Some opinion makers disagree strongly. They insist that ours is a 
prosperous middle-class society and that our economy is performing 
well. But, again, look at the distribution. Cui bono? Who benefits? 
During the Reagan-Bush-Clinton era, the share of the national income 
going to those who work for a living shrank by over 12 percent. The 
share pocketed by those who live principally off their investments 
increased almost 35 percent. The "New York Times" (June 6, 1996) 
reported that income disparity in 1995 'was wider than it has been 
since the end of World War II.' Over the last two decades, the 
average income for the top 20 percent jumped from $73,254 to $105,945 
in constant dollars, while the bottom 20 percent moved only from 
$7,202 to $7,762. But these figures greatly understate the problem.
Put simply, the "Times" story is based on a Census Bureau study that 
completely excludes the income of the very rich.
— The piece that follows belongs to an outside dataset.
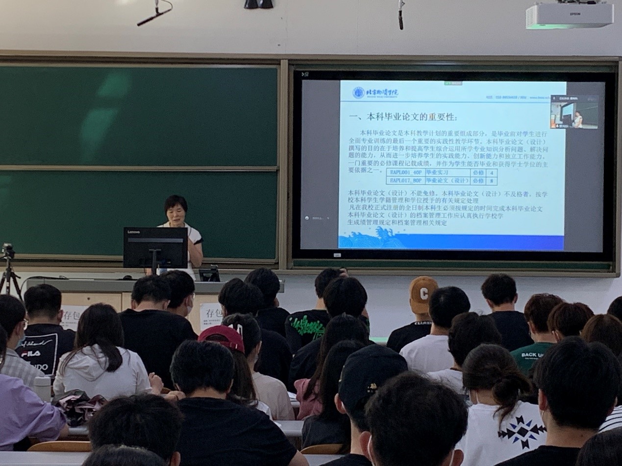 各专业特点详细介绍了毕业年级撰写毕业论文的关键环节和要点,根据时间脉络梳理了论文选题、开题报告、中期检查和论文答辩等环节的要求和注意事项;同时,李老师还强调了毕业实习环节是本科必修的实践性教学环节,并结合2019级培养计划就学生毕业实习的实习日志和实习报告要求进行了分析介绍。
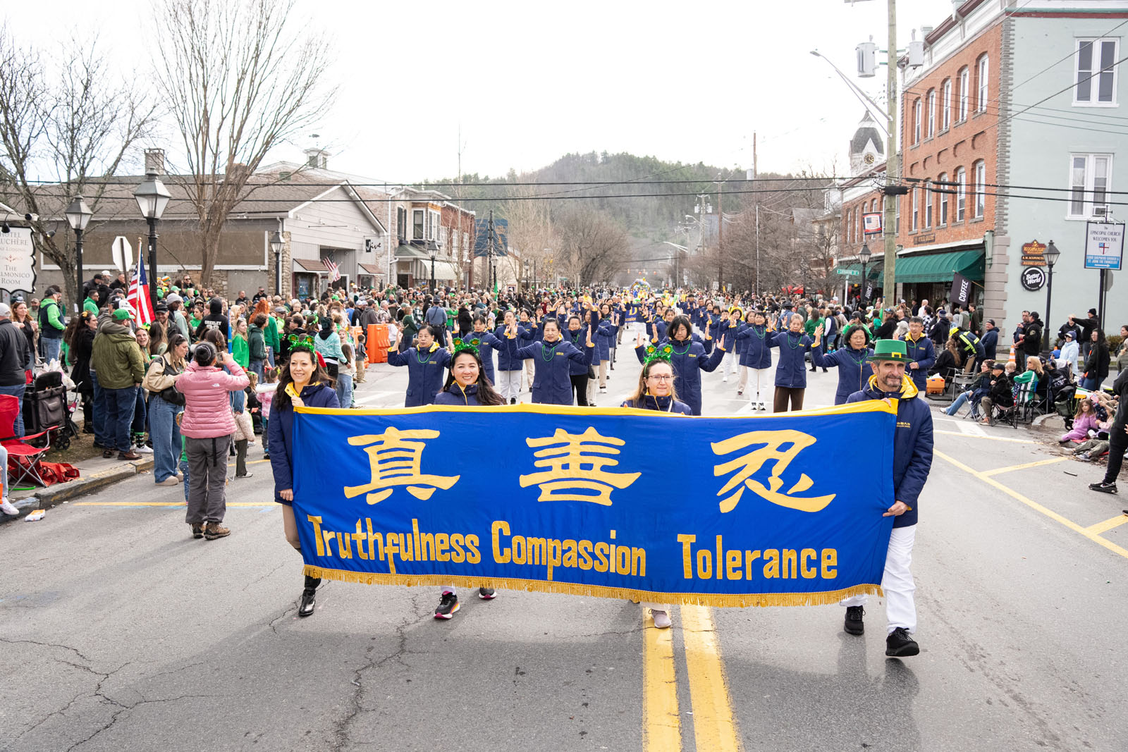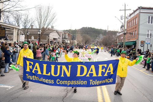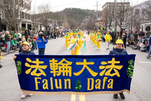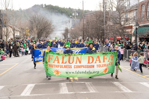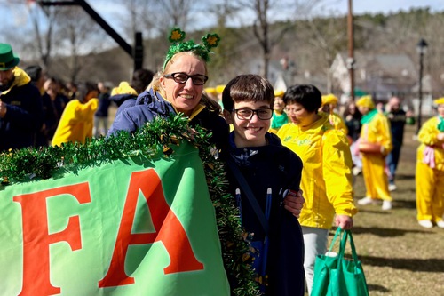 Falun Dafa practitioners participate in the Milford St. Patrick’s Day parade.

An average income 
for the top quintile of $105,945 hardly represents a rich, let alone 
super-rich, cohort. What goes on here? What has happened to the 
really rich people?
The remarkable thing is that for years the Census Bureau never 
interviewed anyone who had an income higher than $300,000; or if 
interviewed, they were never recorded as above the 'reportable upper 
limit' of $300,000, the top figure allowed by the bureau's computer 
program. In 1994, the bureau lifted the upper limit to $1 million. 
this still leaves out the richest 1 percent, the hundreds of 
billionaires and thousands of multimillionaires who make many times 
more than $1 million a year--and who own most of the nation's wealth.
By designating the (decapitated) top 20 percent of the entire nation 
as the 'richest', the Census Bureau is including literally millions 
of professionals and others who make as little as $70,000 or so, 
people who are anything but the 'richest', while excluding the really 
big money. The super-rich are concentrated in a portion of the 
population so minuscule as to be judged statistically insignificant. 
Despite their tiny numbers, they own the lion's share of everything 
there is to own and enjoy an income advantage thousands of times 
greater than the spread allowed by the bureau's figures. The 
difference between a multibillionaire who takes in $100 million in 
any one year and a janitor who makes $8,000 is not 14 to 1 (the 
usually reported spread between the highest and lowest quintiles) but 
over 14,000 to 1.
When asked why this sampling procedure was used, a bureau official 
told my research assistant that the bureau's computers could not 
handle higher amounts. A most improbable excuse, since once the Census 
Bureau decided to raise the upper limit from $300,000 to $1 million 
it did so without any difficulty, and it could do so again.
Another reason the official gave was 'confidentiality'. Given place 
coordinates, someone with a very high income might be identified. 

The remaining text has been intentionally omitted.